Fig. 1 Structure of naturally occurring cruciferane alkaloids.

Later, Ji reported the formal synthesis of this alkaloid.¹⁰ However, these syntheses were carried out with same intermediate core tryptanthrin, which was prepared from either complicated starting materials or expensive reagents.

Thus our initial objective was to simplify the route with easy and inexpensive starting materials. Thus, we planned our synthesis for this alkaloid from the 3-hyroxypyrroloindoline intermediate (Fig. 2), which was not used thus far.
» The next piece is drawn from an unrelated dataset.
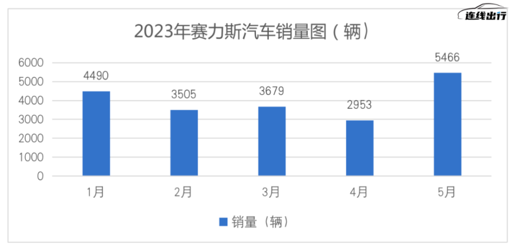 2023年赛力斯汽车销量图,数据来源上交所官网,连线出行制图

There are some noteworthy reports for the construction of 3-hydroxypyrroloindoline, such as iodine(III)-mediated intramolecular annulation,¹¹ selenocyclization/oxidative deselenation sequence,¹² photosensitized oxygenation,¹³ and metal catalyzed radical Cyclization.¹⁴ Another well-known approach was the epoxidation of indole as the key step with dioxirane, but for most of the cases it needs an array of protecting groups or complicated reaction conditions.¹⁵ Thus, we intended to synthesize the molecule devoid of any protecting group and under simplified conditions, which will lead to a step economical¹⁶ total synthesis of cruciferane. Thus, in this paper, we wish to report a three step total synthesis of racemic cruciferane via an epoxidation/tandem cyclization strategy.

Fig. 2 Strategies for the synthesis of cruciferane.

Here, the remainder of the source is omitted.